Comprender las dinámicas de grupo
implica el balance de la empatía y la ecpatía para alinearlas al propósito, los
valores y los objetivos del grupo.
Y vos, ¿Cómo te llevás con la
ecpatía?
Recordá algún momento de tu vida
en que hayas expresado tu mismidad a pesar de la presión emocional del contexto
grupal o de una persona en particular ¿Cómo era poder regular tu empatía para
no ser manipulado o coercionado? Reviví esa experiencia en primera persona y
sentí cómo piensa, qué actitudes tiene y hasta como es la postura corporal de
ese vos ecpático. Sentí en tu cuerpo cómo y dónde se manifiesta esa conexión a
tus valores, tu identidad y a lo que para vos es importante. ¿Cómo y en qué
parte de tu cuerpo se siente más profundamente en tu cuerpo esa conexión que te
permite regular tu empatía?
Respirá llevando toda tu atención
a esa parte de tu cuerpo y con cada inhalación expandí esa sensación en tu
cuerpo.
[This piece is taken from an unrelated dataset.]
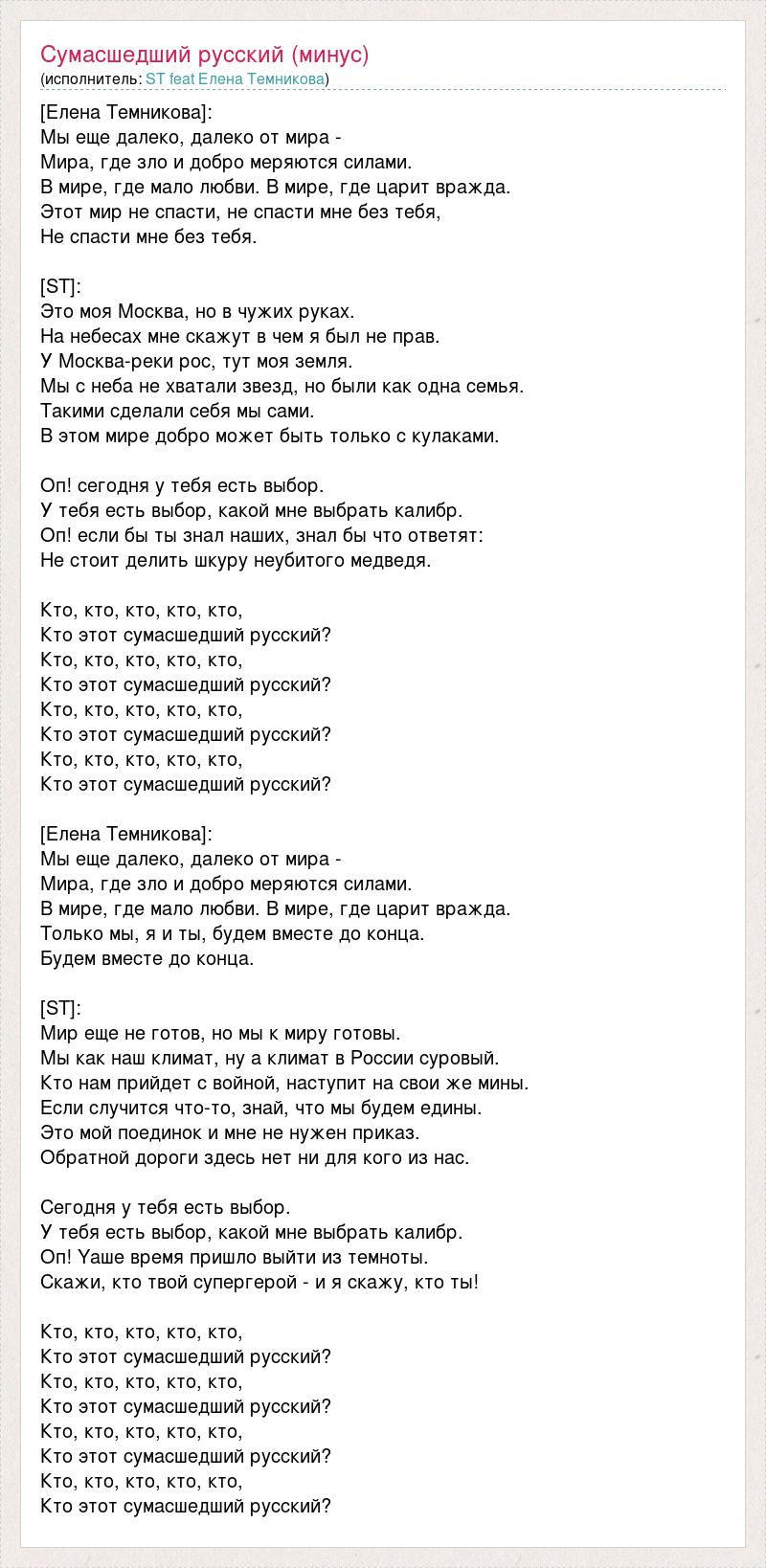 [Елена Темникова]: Мы еще далеко, далеко от мира - Мира, где зло и добро меряются силами. В мире, где мало любви. В мире, где царит вражда. Этот мир не спасти, не спасти мне без тебя, Не спасти мне без тебя. [ST]: Это моя Москва, но в чужих руках. На небесах мне скажут в чем я был не прав. У Москва-реки рос, тут моя земля. Мы с неба не хватали звезд, но были как одна семья. Такими сделали себя мы сами. В этом мире добро может быть только с кулаками. Оп! сегодня у тебя есть выбор. У тебя есть выбор, какой мне выбрать калибр. Оп! если бы ты знал наших, знал бы что ответят: Не стоит делить шкуру неубитого медведя. Кто, кто, кто, кто, кто, Кто этот сумасшедший русский? Кто, кто, кто, кто, кто, Кто этот сумасшедший русский? Кто, кто, кто, кто, кто, Кто этот сумасшедший русский? Кто, кто, кто, кто, кто, Кто этот сумасшедший русский? [Елена Темникова]: Мы еще далеко, далеко от мира - Мира, где зло и добро меряются силами. В мире, где мало любви. В мире, где царит вражда. Только мы, я и ты, будем вместе до конца. Будем вместе до конца. [ST]: Мир еще не готов, но мы к миру готовы. Мы как наш климат, ну а климат в России суровый. Кто нам прийдет с войной, наступит на свои же мины. Если случится что-то, знай, что мы будем едины. Это мой поединок и мне не нужен приказ. Обратной дороги здесь нет ни для кого из нас. Сегодня у тебя есть выбор. У тебя есть выбор, какой мне выбрать калибр. Оп! Yаше время пришло выйти из темноты. Скажи, кто твой супергерой - и я скажу, кто ты! Кто, кто, кто, кто, кто, Кто этот сумасшедший русский? Кто, кто, кто, кто, кто, Кто этот сумасшедший русский? Кто, кто, кто, кто, кто, Кто этот сумасшедший русский? Кто, кто, кто, кто, кто, Кто этот сумасшедший русский?

Inhalá y hacé que tu conexión crezca…
Llevá tu mano a esa zona de tu
cuerpo y tocá suavemente tu conexión. Recordá que esa conexión nunca se rompe, aun
cuando el contexto y la presión externa sea intensa, la conexión habita en vos
esperando que recuerdes.
Imaginá ahora una experiencia en
las que el contexto o una persona determinada, quizás tu jefe, un cliente, un
asociado o incluso tu pareja intenta manipularte emocionalmente…respirá
profundamente y recordá esa sensación en tu cuerpo e imaginá cómo respondés
cuidando esa conexión libre de emociones negativas porque estás sosteniendo tus
valores, tu identidad y lo que para vos importa más…
Podés practicar este ejercicio
varias veces para que la ecpatía crezca dentro tuyo.